AO JUÍZO DA VARA DE FAMÍLIAS E SUCESSÕES DA COMARCA DE VALPARAÍSO DE GOIÁS/GO.
ACORDÃO
R. C. S. C., brasileira, solteira, desempregada, inscrita no CPF sob o n. **, residente e domiciliada na quadra 01, chácara 06, Conjunto Residencial Green Park II, Ypiranga, Valparaíso de Goiás/GO, CEP 72879-301, D. S. C., brasileira, solteira, auxiliar de serviços gerais, inscrita no CPF sob o n. **, residente e domiciliada na quadra 375, casa 10, Del Lago II, Itapoã, Brasília/DF, CEP 71593-600 e V. S. C., brasileira, casada, professora de dança oriental, inscrita no CPF sob o n. **, residente e domiciliada na Calle Ríu Castells 3, La Puebla de Vallbona, Valencia, Espanha, vêm, perante este juízo, por intermédio da DEFENSORIA PÚBLICA DO ESTADO DE GOIÁS, apresentar:
AÇÃO DE RECONHECIMENTO DE PARENTALIDADE SOCIOAFETIVA E DESCONTINUAÇÃO DA PARENTALIDADE BIOLÓGICA COM AVERBAÇÃO NO REGISTRO CIVIL, pelos fundamentos de fato e direito a seguir apresentados.
1. DOS FATOS
A requerente R. C. S. C., atualmente com 29 (vinte e nove) anos de idade, é filha biológica de D. S. C. e não possui genitor registral, conforme certidão de nascimento anexa.

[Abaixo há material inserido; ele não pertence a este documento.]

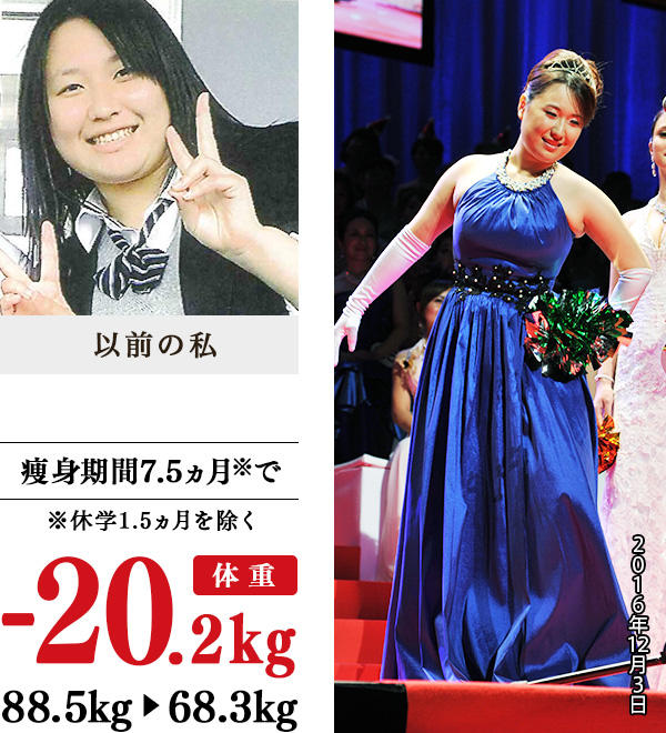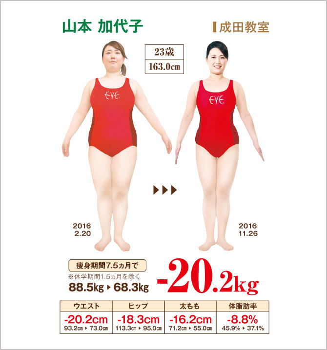 中学3年生以降、食事制限やウォーキングで痩せたり、太ったりを繰り返してきました。イヴへ入学したのは、季節ごとに風邪をひくくらい免疫力がなくなったことと、元々弱かった腰がついに腰椎椎間板ヘルニアと脊椎狭窄症になったため、人生最後のダイエットを決意したからです。冷えて、凝り固まった私の体のつまりをほぐす痩身技術では、痛みも感じましたが、ラインができるので、「すごい!」と実感。先生や他の生徒さんとの会話も、よい刺激になりました。7カ月半で高校1年生頃の体重に戻り、スキニーパンツのようなピタッとした服装ができるようになりましたが、まだ最初に設定した目標体重に達していないので、さらに痩身に励みます。
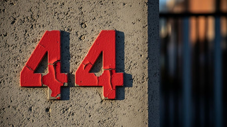The image features a close-up view of a concrete wall with a large, bold, red number 44 attached to it. The number appears slightly worn, suggesting it has been there for some time. In the background, there is a blurred view of a black metal fence, adding depth to the scene. The overall atmosphere is simple and straightforward, focusing on the prominent number.
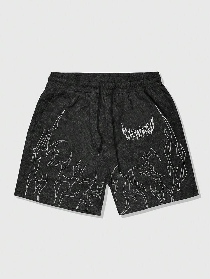 Goth Herren Lässig Bedrucktes Rundhals T-Shirt & Shorts Set
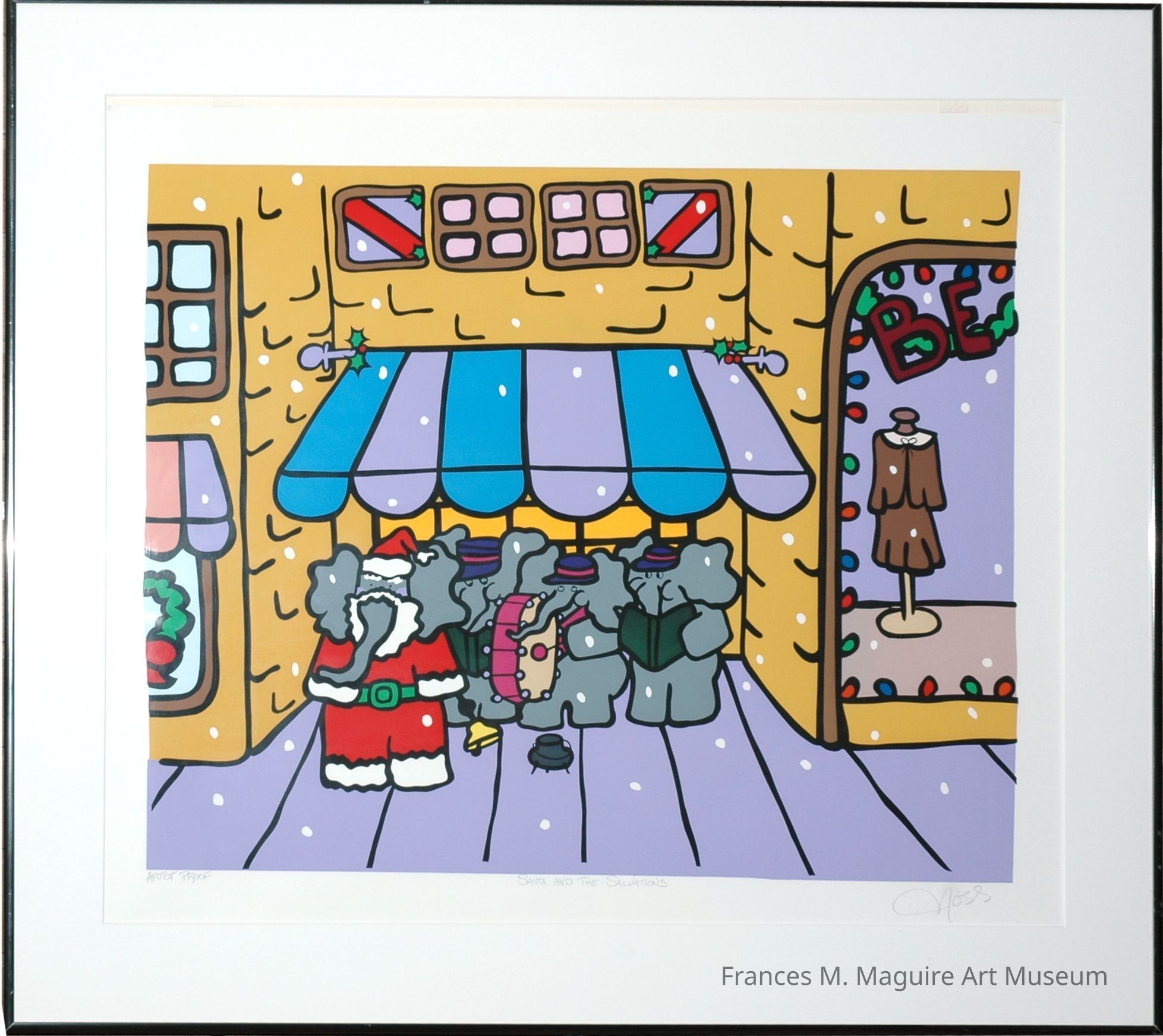 20th-c. color lithograph of a band of elephants busking outside of a store. One elephant is dressed as Santa.Made/Created

Por sua vez, a requerente V. S. C. é tia materna de R. e, desde o 1º (primeiro) ano de vida desta última, foi a única responsável pelo exercício de seus cuidados diários e pelo seu desenvolvimento.
Ressalta-se, inclusive, que a guarda de direito de R. foi estabelecida em 29/12/2003 à V., por meio de assinatura de Termo de Guarda e Responsabilidade nº 3865-3/2001, realizado perante a antiga Vara de família, órfãos e sucessões do Paranoá/DF (doc. anexo).
Ressalta-se ainda que, embora a requerente D. seja irmã de V. e compartilhe o mesmo círculo familiar, R. fruiu de pouco contato com a genitora biológica durante o período de sua infância e adolescência, situação que persiste até hoje.
Diante da situação apresentada acima, V. passou a desenvolver fortes vínculos de afetividade em relação à R., vínculo por ela correspondido, sendo hoje uma relação inequívoca de maternidade socioafetiva, desejando as partes a declaração formal junto ao registro civil de R.
Por tais motivos, as partes procuraram pela Defensoria Pública do Estado de Goiás, e em sessão de mediação conduzida por esta Defensora que subscreve, as partes, de livre e espontânea vontade e após cientificadas dos princípios norteadores da mediação, tais como a imparcialidade do mediador, a isonomia entre as partes, a oralidade, a informalidade, a voluntariedade, a busca do consenso, a confidencialidade e a boa-fé, conforme a Lei n. 13.140/2015 (Lei de Mediação), se compuseram civilmente.
Assim, as partes declaram e reconhecem a maternidade socioafetiva de V. em relação à R., a quem considera como sua filha, e reciprocamente, por ela é reconhecida como mãe, e portanto, requerem a retificação do registro de nascimento de R. a fim averbar a maternidade socioafetiva.
Por outro lado, as partes reconhecem a falta de vínculo afetivo entre R. e D. e, por tal motivo, desejam que seja formalizada a descontinuidade da parentalidade biológica, com a respectiva alteração do registro civil de R., nos termos do acordo extrajudicial acostado e do artigo 108, III, da Lei Complementar 80/94.
2. DO DIREITO
2. 1. PRELIMINARMENTE
a) Das prerrogativas dos membros da Defensoria Pública.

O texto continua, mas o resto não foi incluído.